# How to complete this task:
Below is a listing; transcribe it exactly but without any images.

- - - -

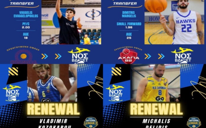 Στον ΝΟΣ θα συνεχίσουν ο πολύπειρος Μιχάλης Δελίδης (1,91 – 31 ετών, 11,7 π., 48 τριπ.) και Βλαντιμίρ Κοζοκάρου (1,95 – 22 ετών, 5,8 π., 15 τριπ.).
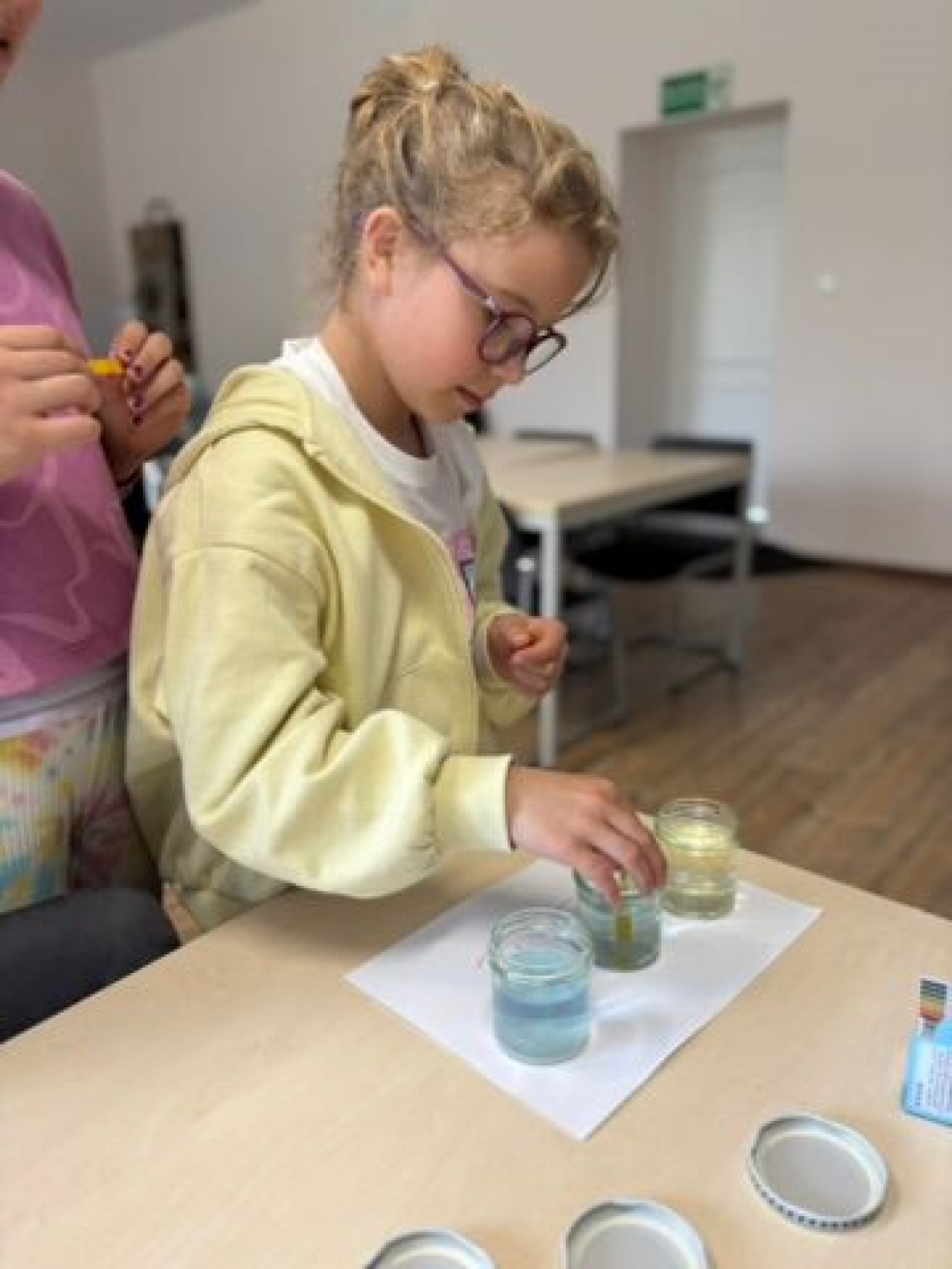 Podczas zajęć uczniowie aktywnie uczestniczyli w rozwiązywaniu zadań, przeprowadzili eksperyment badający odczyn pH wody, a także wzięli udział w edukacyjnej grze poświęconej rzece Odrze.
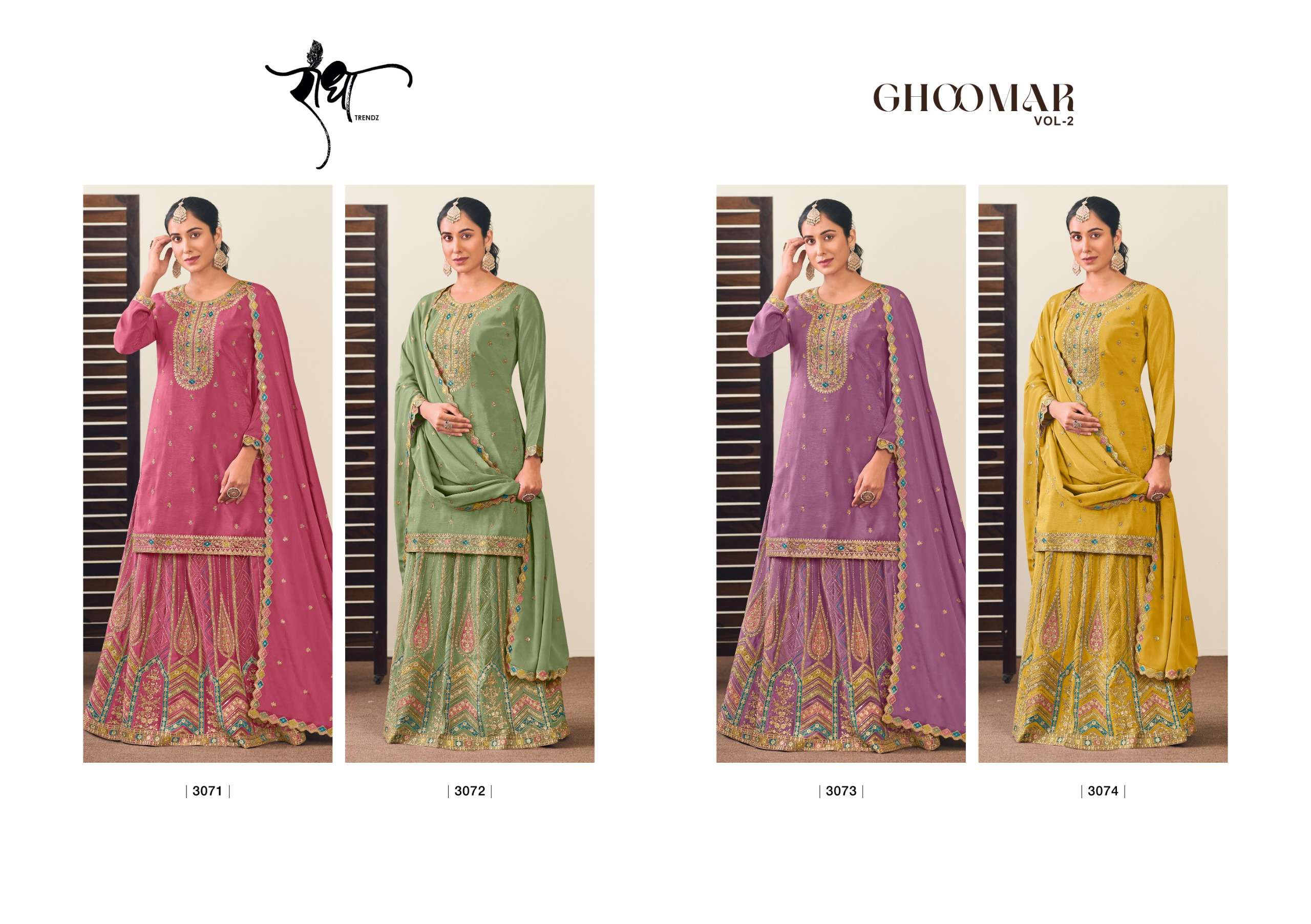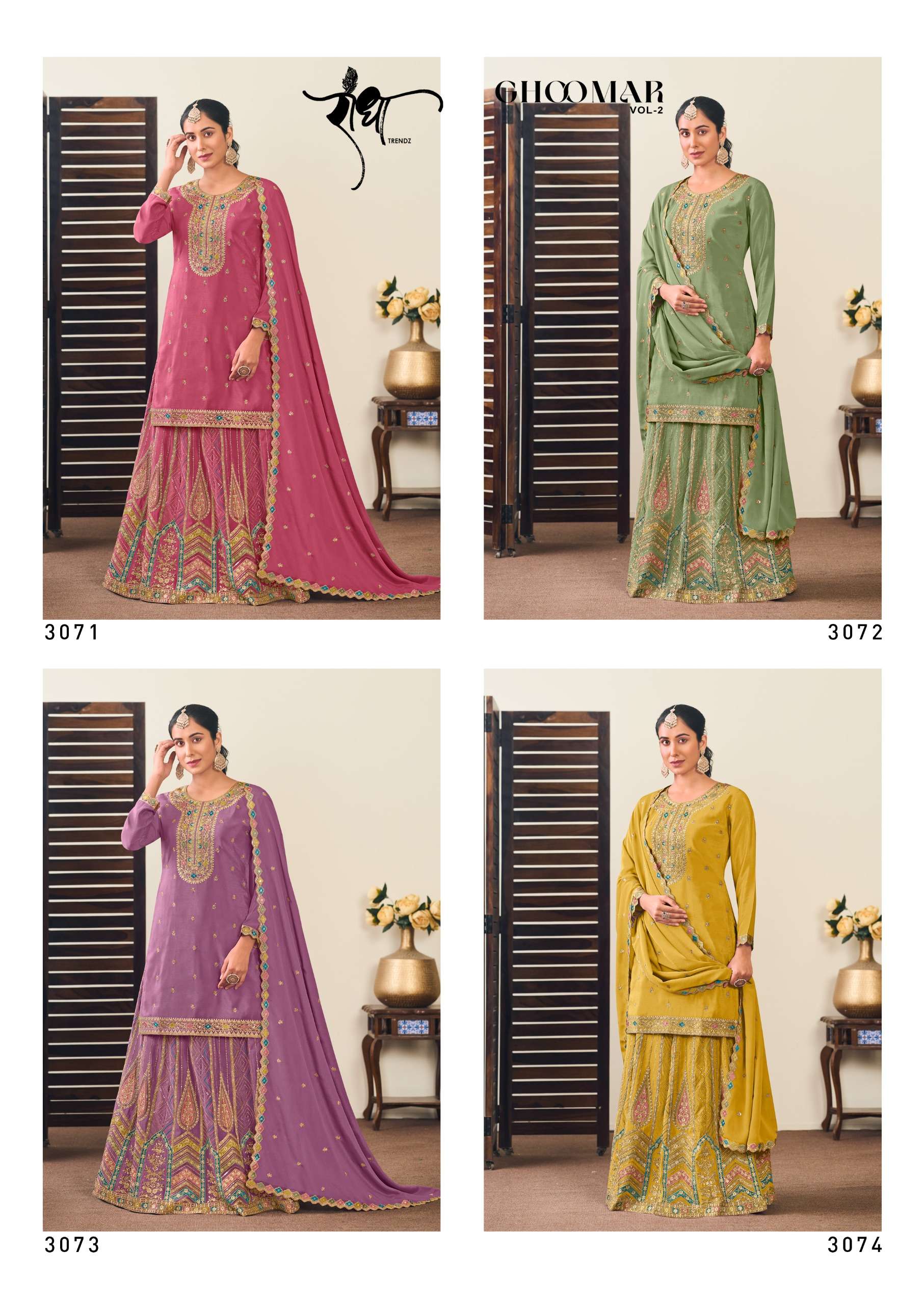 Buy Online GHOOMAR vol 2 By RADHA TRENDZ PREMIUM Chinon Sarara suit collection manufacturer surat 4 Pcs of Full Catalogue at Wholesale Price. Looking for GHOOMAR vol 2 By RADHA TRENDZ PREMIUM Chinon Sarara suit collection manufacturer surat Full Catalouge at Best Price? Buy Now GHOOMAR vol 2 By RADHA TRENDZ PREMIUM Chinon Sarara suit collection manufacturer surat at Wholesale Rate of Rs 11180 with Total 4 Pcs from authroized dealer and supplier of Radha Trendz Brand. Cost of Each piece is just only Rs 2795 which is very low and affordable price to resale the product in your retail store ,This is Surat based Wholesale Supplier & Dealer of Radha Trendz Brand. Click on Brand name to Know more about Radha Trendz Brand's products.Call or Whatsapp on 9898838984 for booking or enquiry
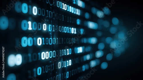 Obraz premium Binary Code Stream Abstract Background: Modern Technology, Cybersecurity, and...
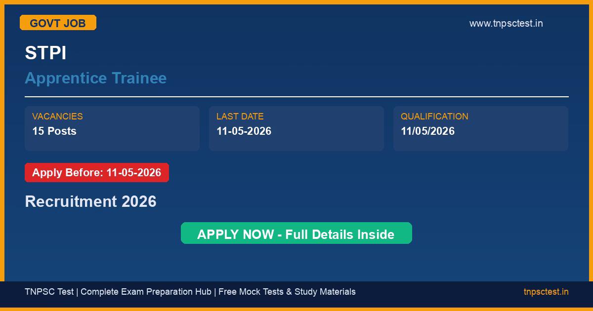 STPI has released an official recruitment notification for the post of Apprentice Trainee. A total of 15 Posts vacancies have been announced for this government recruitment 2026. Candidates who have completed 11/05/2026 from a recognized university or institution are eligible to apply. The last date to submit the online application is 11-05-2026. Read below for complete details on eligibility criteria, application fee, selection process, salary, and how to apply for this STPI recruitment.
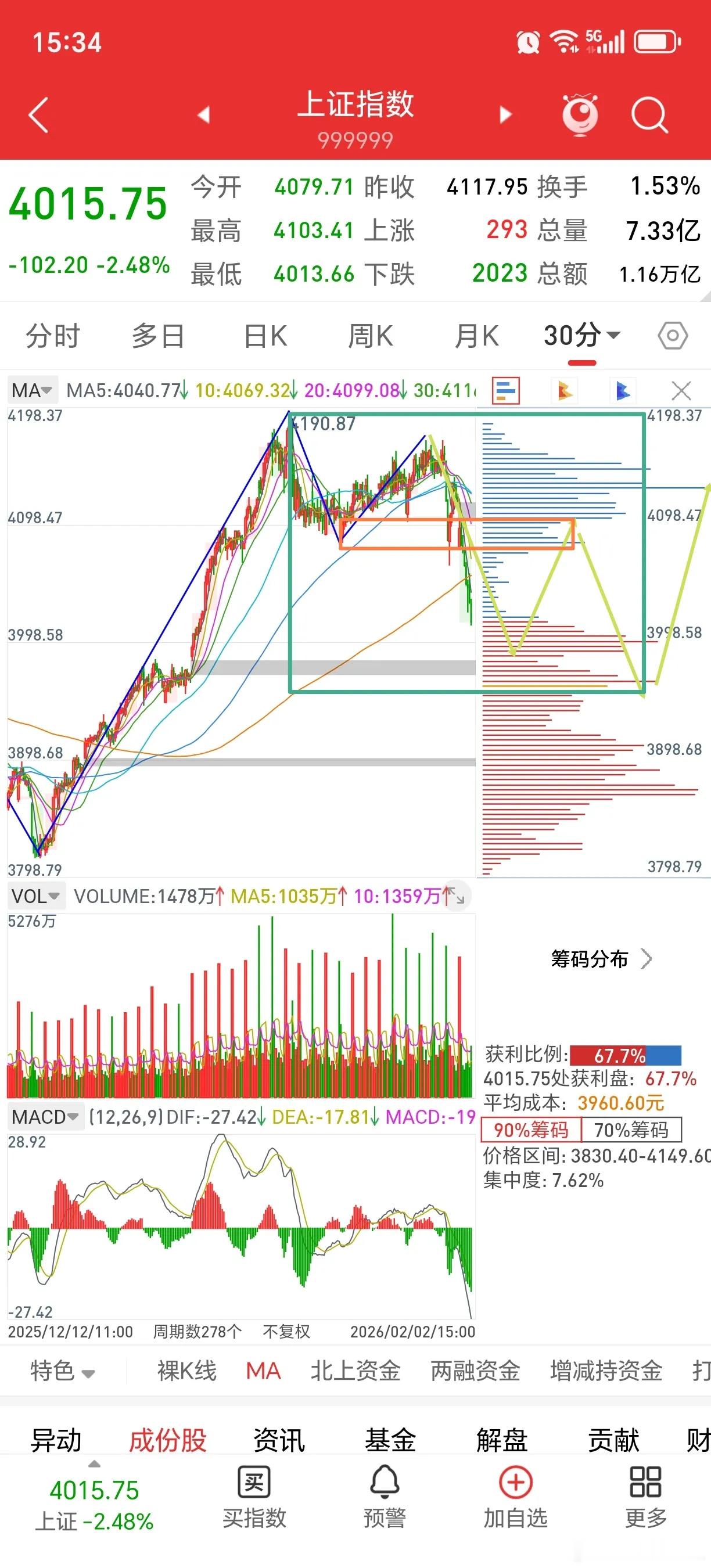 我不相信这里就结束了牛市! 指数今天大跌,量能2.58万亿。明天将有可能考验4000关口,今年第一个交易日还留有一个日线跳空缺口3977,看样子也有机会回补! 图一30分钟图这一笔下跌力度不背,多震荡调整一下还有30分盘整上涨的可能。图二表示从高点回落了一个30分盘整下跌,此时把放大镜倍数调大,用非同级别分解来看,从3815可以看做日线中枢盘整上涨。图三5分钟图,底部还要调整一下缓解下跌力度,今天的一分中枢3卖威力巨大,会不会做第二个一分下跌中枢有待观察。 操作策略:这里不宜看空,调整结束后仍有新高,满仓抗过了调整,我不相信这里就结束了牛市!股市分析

- - - -

# Completed task:
 Στον ΝΟΣ θα συνεχίσουν ο πολύπειρος Μιχάλης Δελίδης (1,91 – 31 ετών, 11,7 π., 48 τριπ.) και Βλαντιμίρ Κοζοκάρου (1,95 – 22 ετών, 5,8 π., 15 τριπ.).
 Podczas zajęć uczniowie aktywnie uczestniczyli w rozwiązywaniu zadań, przeprowadzili eksperyment badający odczyn pH wody, a także wzięli udział w edukacyjnej grze poświęconej rzece Odrze.
 Buy Online GHOOMAR vol 2 By RADHA TRENDZ PREMIUM Chinon Sarara suit collection manufacturer surat 4 Pcs of Full Catalogue at Wholesale Price. Looking for GHOOMAR vol 2 By RADHA TRENDZ PREMIUM Chinon Sarara suit collection manufacturer surat Full Catalouge at Best Price? Buy Now GHOOMAR vol 2 By RADHA TRENDZ PREMIUM Chinon Sarara suit collection manufacturer surat at Wholesale Rate of Rs 11180 with Total 4 Pcs from authroized dealer and supplier of Radha Trendz Brand. Cost of Each piece is just only Rs 2795 which is very low and affordable price to resale the product in your retail store ,This is Surat based Wholesale Supplier & Dealer of Radha Trendz Brand. Click on Brand name to Know more about Radha Trendz Brand's products.Call or Whatsapp on 9898838984 for booking or enquiry
 Obraz premium Binary Code Stream Abstract Background: Modern Technology, Cybersecurity, and...
 STPI has released an official recruitment notification for the post of Apprentice Trainee. A total of 15 Posts vacancies have been announced for this government recruitment 2026. Candidates who have completed 11/05/2026 from a recognized university or institution are eligible to apply. The last date to submit the online application is 11-05-2026. Read below for complete details on eligibility criteria, application fee, selection process, salary, and how to apply for this STPI recruitment.
 我不相信这里就结束了牛市! 指数今天大跌,量能2.58万亿。明天将有可能考验4000关口,今年第一个交易日还留有一个日线跳空缺口3977,看样子也有机会回补! 图一30分钟图这一笔下跌力度不背,多震荡调整一下还有30分盘整上涨的可能。图二表示从高点回落了一个30分盘整下跌,此时把放大镜倍数调大,用非同级别分解来看,从3815可以看做日线中枢盘整上涨。图三5分钟图,底部还要调整一下缓解下跌力度,今天的一分中枢3卖威力巨大,会不会做第二个一分下跌中枢有待观察。 操作策略:这里不宜看空,调整结束后仍有新高,满仓抗过了调整,我不相信这里就结束了牛市!股市分析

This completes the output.